Thanks for you guiding :)

> 
> > +{
> > +	return kvm_mtrr_zap_gfn_range(vcpu, gpa_to_gfn(0), gpa_to_gfn(~0ULL));
> 
> Meh, just zap 0 => ~0ull.  That 51:0 happens to be the theoretical max gfn on
> x86 is coincidence (AFAIK).  And if the guest.MAXPHYADDR < 52, shifting ~0ull
> still doesn't yield a "legal" gfn.
Yes. I think I just wanted to make npage to be less in kvm_zap_gfn_range().

kvm_flush_remote_tlbs_range(kvm, gfn_start, gfn_end - gfn_start);

> 
> > diff --git a/arch/x86/kvm/x86.c b/arch/x86/kvm/x86.c
> > index 32cc8bfaa5f1..bb79154cf465 100644
> > --- a/arch/x86/kvm/x86.c
> > +++ b/arch/x86/kvm/x86.c
> > @@ -943,7 +943,7 @@ void kvm_post_set_cr0(struct kvm_vcpu *vcpu, unsigned long old_cr0, unsigned lon
> >  
> >  	if (((cr0 ^ old_cr0) & X86_CR0_CD) &&
> >  	    kvm_mmu_honors_guest_mtrrs(vcpu->kvm))

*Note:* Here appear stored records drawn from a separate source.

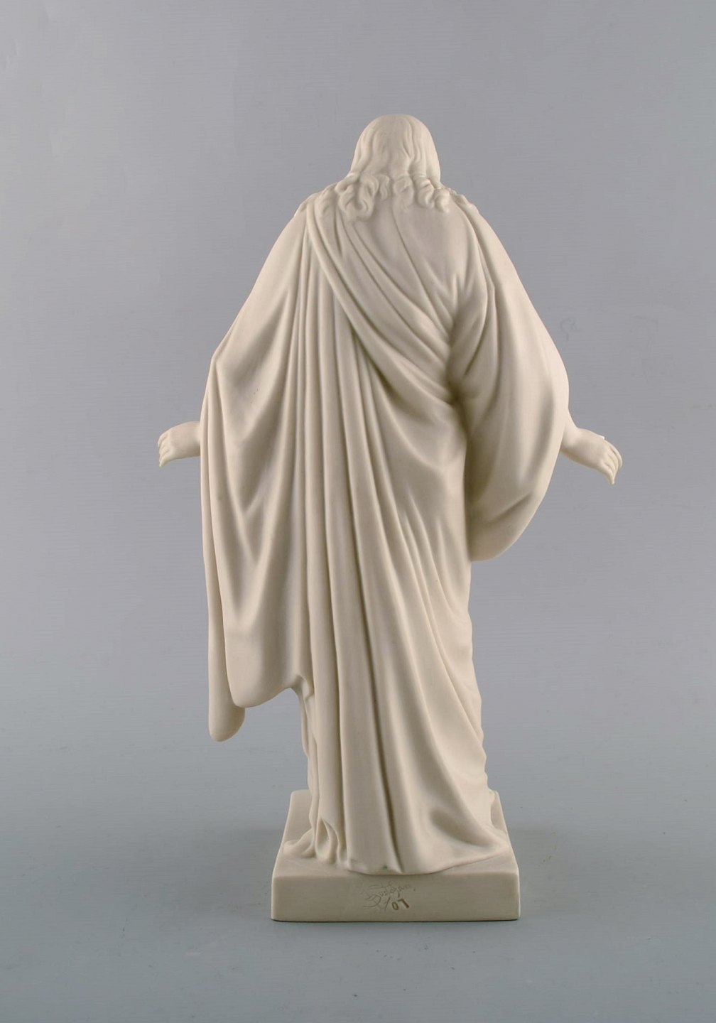 Gustafsberg / Gustavsberg, Sverige. Kristus figur i biscuit, dateret 1907. Måler: 30 x 19 cm. I flot stand. Stemplet: Gustafsberg 07.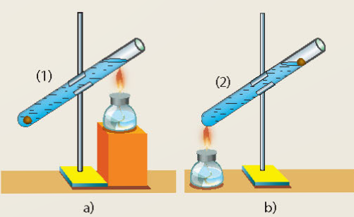 - Đun nóng nước ở gần miệng ống nghiệm (1), quan sát xem miếng sáp có bị nóng chảy hay không (Hình a).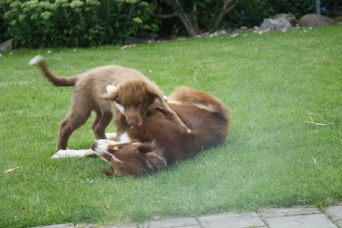 Skipper und Dylan die Tage und beobachten das Gedeihen unseres Welpen.

> > -		kvm_zap_gfn_range(vcpu->kvm, 0, ~0ULL);
> > +		kvm_honors_guest_mtrrs_zap_on_cd_toggle(vcpu);
> >  }
> >  EXPORT_SYMBOL_GPL(kvm_post_set_cr0);
> >  
> > @@ -12310,6 +12310,9 @@ int kvm_arch_init_vm(struct kvm *kvm, unsigned long type)

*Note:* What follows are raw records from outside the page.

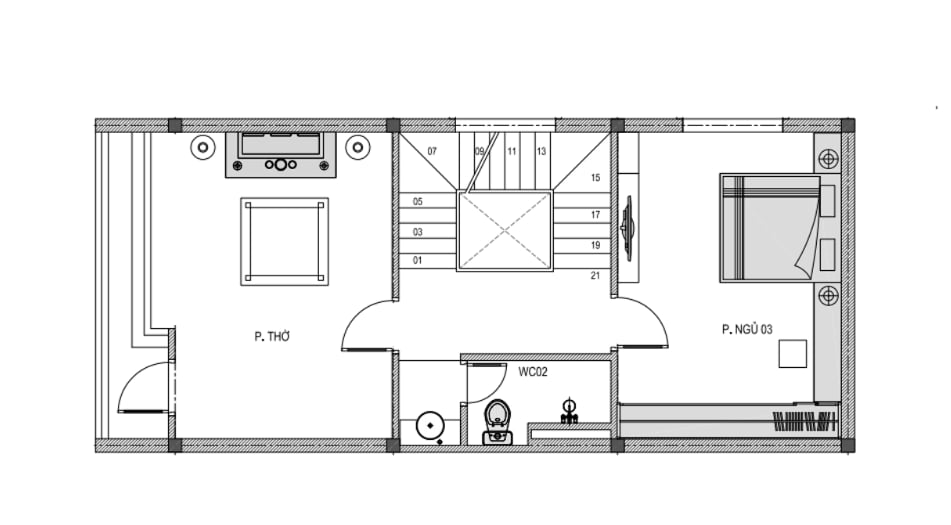 + Tầng 3: Phòng thờ + 1 Phòng ngủ
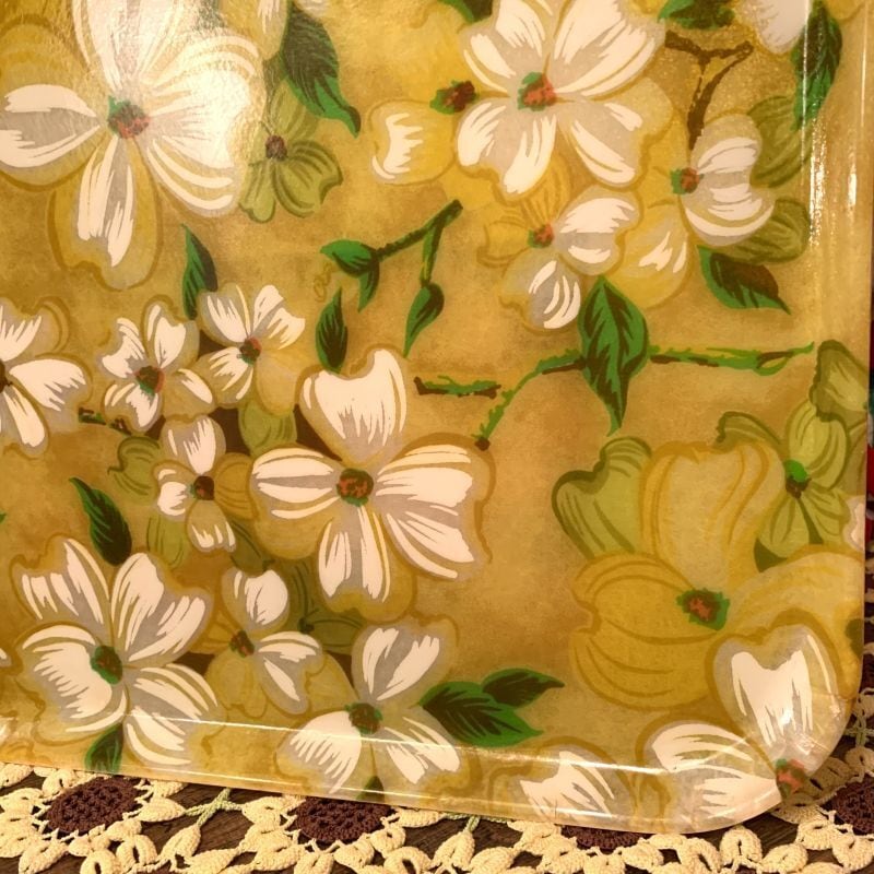 70'S USA Vintage glass fiber flower pattern tray。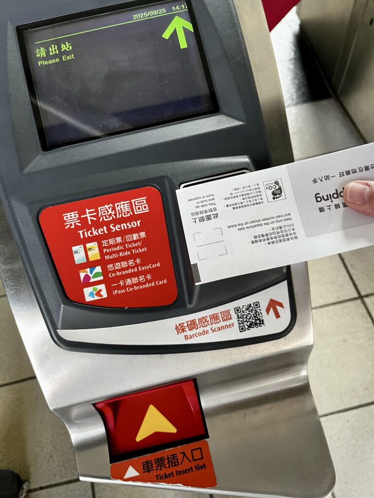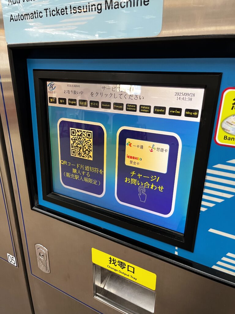 チケット販売機:数カ国言語対応、日本語で購入可能。現金(台湾ドル)クレジットカード(一部機種)・交通系ICカード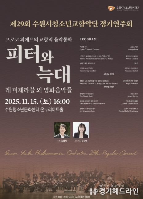 [경기헤드라인=문수철 기자] 수원시청소년청년재단 수원청소년문화센터에서는 오는 11월 15일 오후4시, 온누리아트홀에서 제29회 정기연주회를 개최한다. 이번 연주회는 ‘프로코 피에프의 교향적 음악동화 '피터와 늑대'’를 중심으로, 세대를 아우르는 감동의 영화음악을 함께 선보이며 청소년 단원들의 풍성한 음악적 성장을 보여줄 예정이다.

> >  	kvm->arch.guest_can_read_msr_platform_info = true;
> >  	kvm->arch.enable_pmu = enable_pmu;
> >  
> > +	spin_lock_init(&kvm->arch.mtrr_zap_list_lock);
> > +	INIT_LIST_HEAD(&kvm->arch.mtrr_zap_list);
> > +
> >  #if IS_ENABLED(CONFIG_HYPERV)
> >  	spin_lock_init(&kvm->arch.hv_root_tdp_lock);
> >  	kvm->arch.hv_root_tdp = INVALID_PAGE;
> > diff --git a/arch/x86/kvm/x86.h b/arch/x86/kvm/x86.h
> > index e7733dc4dccc..56d8755b2560 100644
> > --- a/arch/x86/kvm/x86.h
> > +++ b/arch/x86/kvm/x86.h
> > @@ -315,6 +315,7 @@ bool kvm_mtrr_check_gfn_range_consistency(struct kvm_vcpu *vcpu, gfn_t gfn,
> >  					  int page_num);
> >  void kvm_honors_guest_mtrrs_get_cd_memtype(struct kvm_vcpu *vcpu,
> >  					   u8 *type, bool *ipat);
> > +void kvm_honors_guest_mtrrs_zap_on_cd_toggle(struct kvm_vcpu *vcpu);
> >  bool kvm_vector_hashing_enabled(void);
> >  void kvm_fixup_and_inject_pf_error(struct kvm_vcpu *vcpu, gva_t gva, u16 error_code);
> >  int x86_decode_emulated_instruction(struct kvm_vcpu *vcpu, int emulation_type,
> > -- 
> > 2.17.1
> >